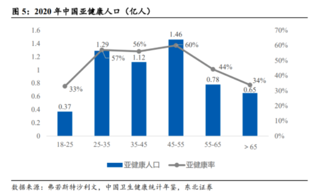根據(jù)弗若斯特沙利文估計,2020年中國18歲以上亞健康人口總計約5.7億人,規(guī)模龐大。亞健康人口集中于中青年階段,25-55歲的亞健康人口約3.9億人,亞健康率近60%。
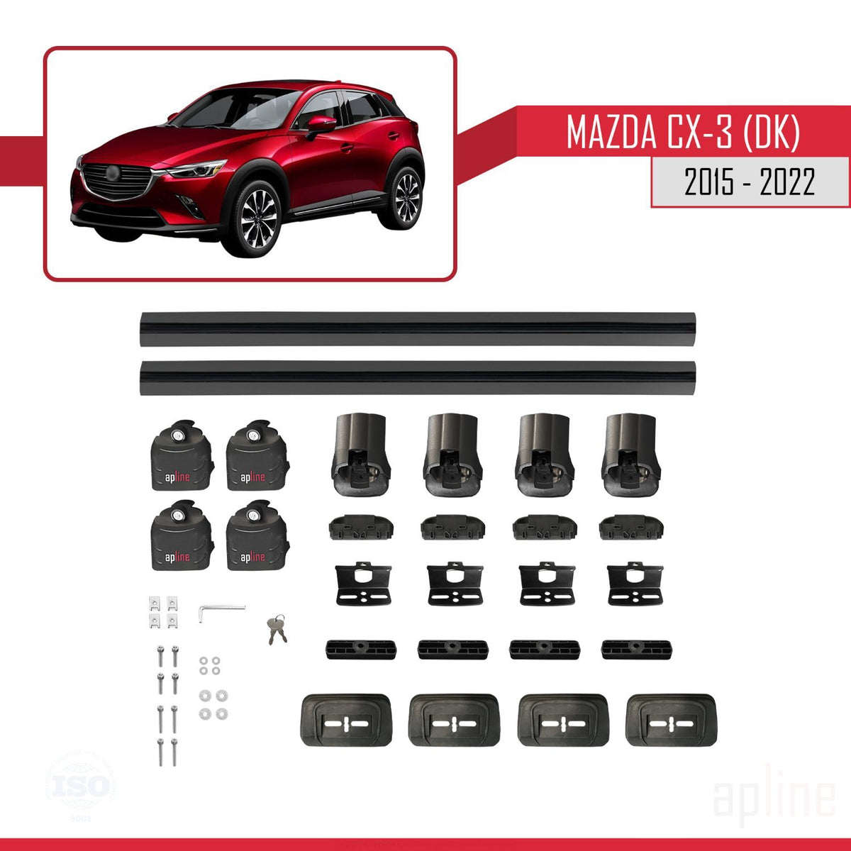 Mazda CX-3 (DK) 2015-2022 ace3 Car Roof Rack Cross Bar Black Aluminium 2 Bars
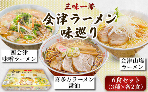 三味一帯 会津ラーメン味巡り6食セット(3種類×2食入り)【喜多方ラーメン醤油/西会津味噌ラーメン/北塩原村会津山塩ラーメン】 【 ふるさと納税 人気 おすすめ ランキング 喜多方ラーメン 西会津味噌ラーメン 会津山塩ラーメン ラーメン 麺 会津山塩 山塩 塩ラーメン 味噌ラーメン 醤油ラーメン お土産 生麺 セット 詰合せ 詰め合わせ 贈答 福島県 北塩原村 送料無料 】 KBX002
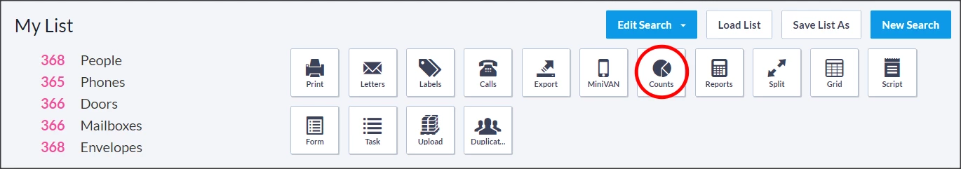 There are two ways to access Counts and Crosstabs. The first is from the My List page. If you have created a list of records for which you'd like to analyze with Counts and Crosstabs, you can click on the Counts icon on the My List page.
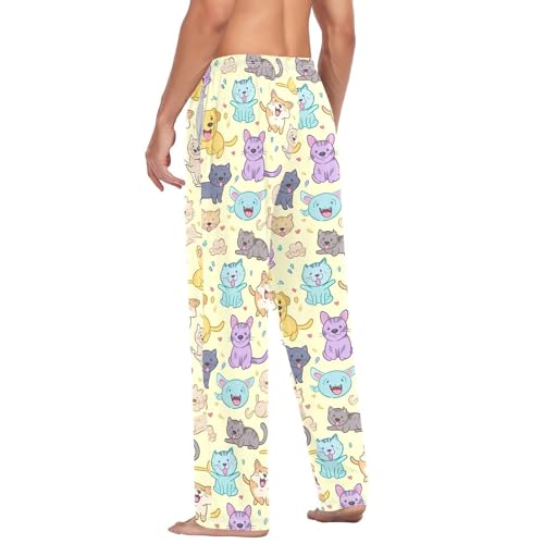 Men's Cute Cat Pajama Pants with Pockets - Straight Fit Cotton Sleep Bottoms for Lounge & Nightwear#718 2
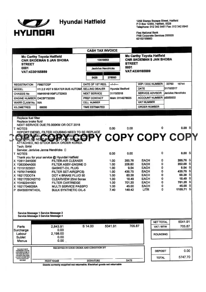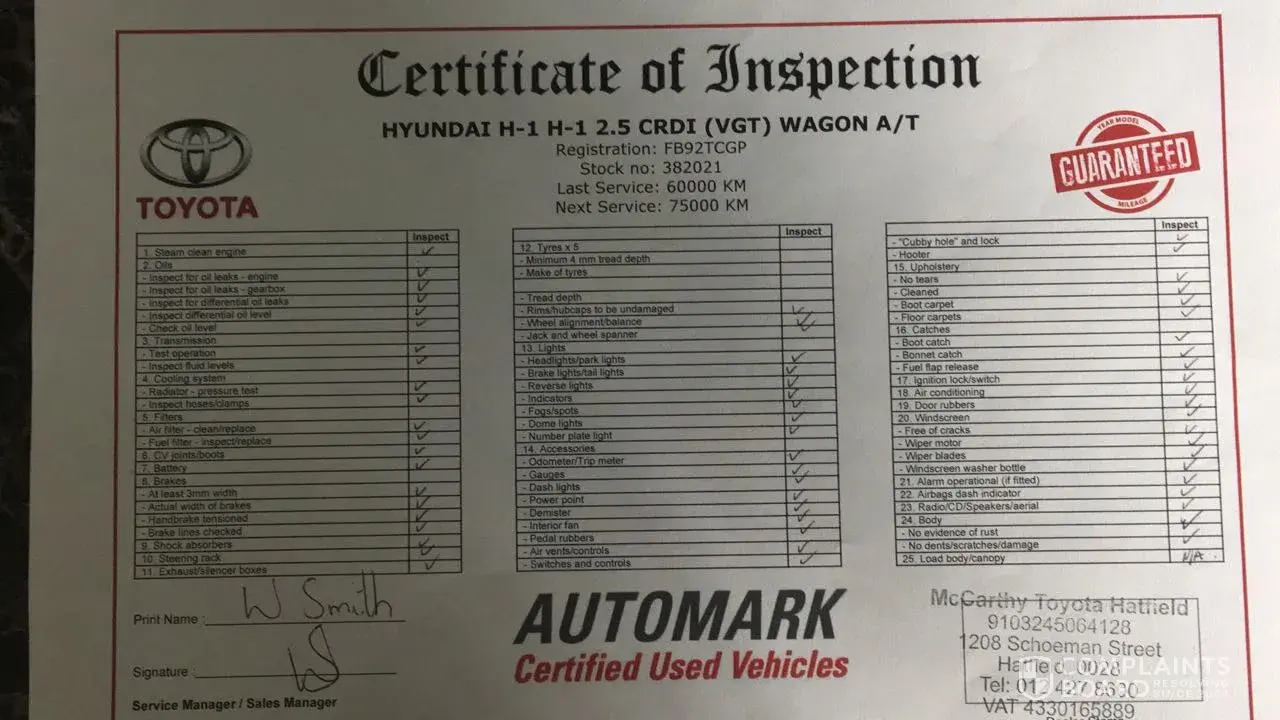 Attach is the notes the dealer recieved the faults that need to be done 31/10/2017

Exercise prompt: Transcribe the listing in full and omit the pictures.

Finished task:
根據(jù)弗若斯特沙利文估計,2020年中國18歲以上亞健康人口總計約5.7億人,規(guī)模龐大。亞健康人口集中于中青年階段,25-55歲的亞健康人口約3.9億人,亞健康率近60%。
 Mazda CX-3 (DK) 2015-2022 ace3 Car Roof Rack Cross Bar Black Aluminium 2 Bars
 三味一帯 会津ラーメン味巡り6食セット(3種類×2食入り)【喜多方ラーメン醤油/西会津味噌ラーメン/北塩原村会津山塩ラーメン】 【 ふるさと納税 人気 おすすめ ランキング 喜多方ラーメン 西会津味噌ラーメン 会津山塩ラーメン ラーメン 麺 会津山塩 山塩 塩ラーメン 味噌ラーメン 醤油ラーメン お土産 生麺 セット 詰合せ 詰め合わせ 贈答 福島県 北塩原村 送料無料 】 KBX002
 There are two ways to access Counts and Crosstabs. The first is from the My List page. If you have created a list of records for which you'd like to analyze with Counts and Crosstabs, you can click on the Counts icon on the My List page.
 Men's Cute Cat Pajama Pants with Pockets - Straight Fit Cotton Sleep Bottoms for Lounge & Nightwear#718 2
 Attach is the notes the dealer recieved the faults that need to be done 31/10/2017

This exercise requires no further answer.